Ouionezu connaît quelque chose à propos de la dualité, ayant changé le tissu de la J-pop au cours de la dernière décennie en tant que premier créateur Vocaloid de premier plan à passer d'un espace Internet au grand public. Il a amené l'imprévisibilité et la curiosité sonore de ce monde en ligne à un plus grand public et a contribué à ouvrir la voie à des artistes comme Ado et ses anciens Couverture ZikNation acte YOASOBI – parmi d'autres qui ont fait leurs débuts dans Vocaloid ou ont grandi avec Yonezu. Ces groupes sont également devenus des noms centraux de la musique japonaise des années 2020, une époque qui les a également vu se diriger plus loin dans le monde grâce à des liens avec des franchises médiatiques populaires et des escapades mondiales autonomes. Plus tôt en 2025, Yonezu a terminé sa première tournée mondiale, donnant des spectacles à guichets fermés en Asie, en Europe et en Amérique du Nord.

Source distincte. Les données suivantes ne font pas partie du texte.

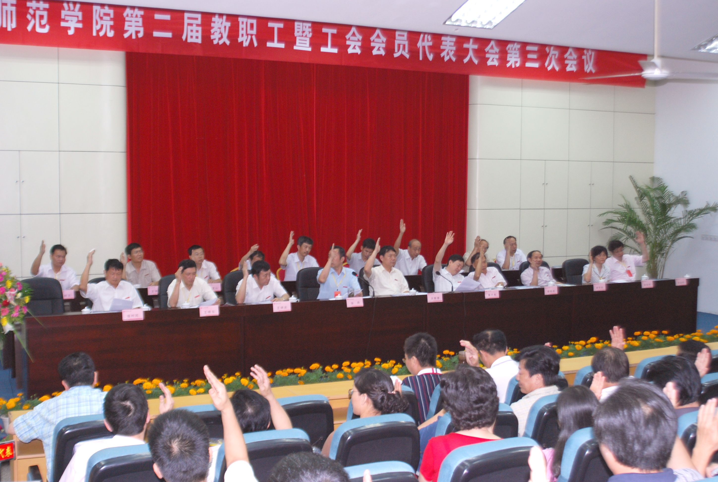 大会审议通过了《学校工作报告》、《泉州师范学院工会委员会工作报告》、《泉州师范学院2008年度经费预算草案》以及以书面形式提交大会审议的《泉州师范学院工会2007年度经费预算审查工作报告》、《泉州师范学院科研奖励办法(修订)》、《泉州师范学院科研工作量计算办法(修订)》、《泉州师范学院二级教代会工作规程》(讨论稿)。代表们对以上几份文件提出了许多建设性意见和建议。

Yonezu est apprécié internationalement comme un maestro éclectique capable de passer du rock rugissant construit pour des franchises hyper-violentes aux ballades contemplatives telles que « Spinning Globe », utilisée dans le générique de fin du prétendu chant du cygne du réalisateur Hayao Miyazaki, Le garçon et le héron. Reflétant cet éventail de collaborations, il est le rare artiste, dans une époque fragmentée, à se connecter avec l'ensemble de la population démographique de son pays, au point qu'il est également l'auteur de l'une des plus grandes chansons pour enfants japonaises de ce siècle.

Kenshi Yonezu
Crédit Kenshi Yonezu : Sony Music Japon

« Jane Doe », ainsi que « Iris Out » et le dernier single « 1991 », écrits pour l'adaptation live-action du film de Makoto Shinkai. 5 centimètres par secondesoulignent encore l'étendue que Yonezu apporte à son travail. Ils montrent également à quel point le son de la J-pop moderne est devenu diversifié, à une époque où la production musicale du pays bénéficie d'une nouvelle attention.

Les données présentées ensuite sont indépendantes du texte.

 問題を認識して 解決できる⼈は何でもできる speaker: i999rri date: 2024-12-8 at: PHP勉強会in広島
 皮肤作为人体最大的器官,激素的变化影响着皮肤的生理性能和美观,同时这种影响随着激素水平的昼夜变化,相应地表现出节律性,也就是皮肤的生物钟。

« Je ne sais pas pourquoi, mais la musique japonaise semble véhiculer beaucoup plus d'informations que les chansons d'autres pays. Je ne dis pas que les chansons japonaises sont plus passionnées ou ont un paysage sonore plus riche. C'est simplement que beaucoup plus de sons sont utilisés », théorise Yonezu.

Son propre « Iris Out » en fournit un excellent exemple en action, le dernier exemple du créateur trouvant un nouvel angle sur ce que peut être une chanson pop, capturant l'atmosphère sonore du Japon de cette décennie dans toute son imprévisibilité. « Je suis conscient du fait que je crée de la musique avec une particularité typiquement japonaise. C'est quelque chose dont je suis très fier », dit Yonezu. « Cependant, je n'ai généralement pas de sentiments particuliers sur la façon dont les gens devraient l'écouter. Que les gens le considèrent comme étrange ou s'ils y sont profondément en résonance, cela me convient. Je suis simplement heureux si cela suscite un intérêt sous quelque forme que ce soit. »

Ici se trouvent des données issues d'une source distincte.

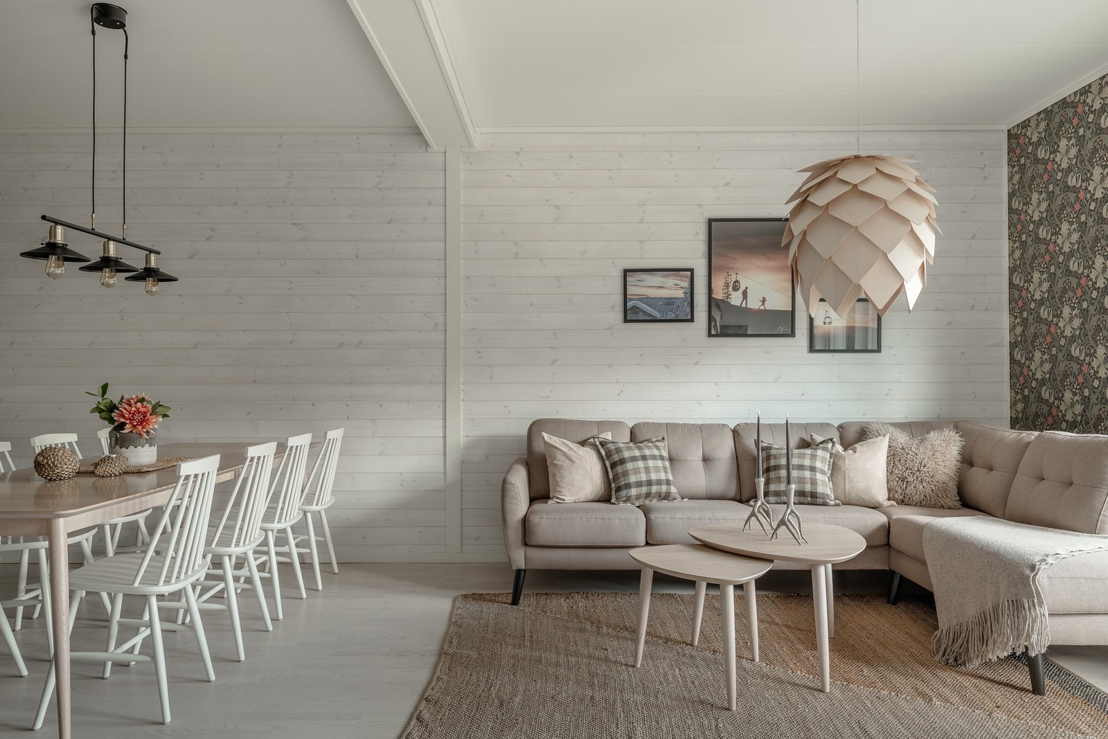 Köket från Marbodal är mörkt grått och tillsammans med den vitlaserade träpanelen och de ljusa väggarna skapas en varm kontrast och en harmonisk helhet. Från storstugan och balkongen flödar ljuset in och utsikten över pistsystemet påminner om att fjällupplevelsen väntar precis utanför. Här råder en atmosfär som är lätt att göra till sin egen men som redan idag upplevs både fräsch och välkomnande.

« 1991 » de Kenshi Yonezu est maintenant disponible via Sony Music

Véritable passionné de musique, Romain est un chroniqueur aguerri sur toute l'actualité musicale. Avec une oreille affûtée pour les tendances émergentes et un amour pour les mélodies captivantes, il explore l'univers des sons pour partager ses découvertes et ses analyses.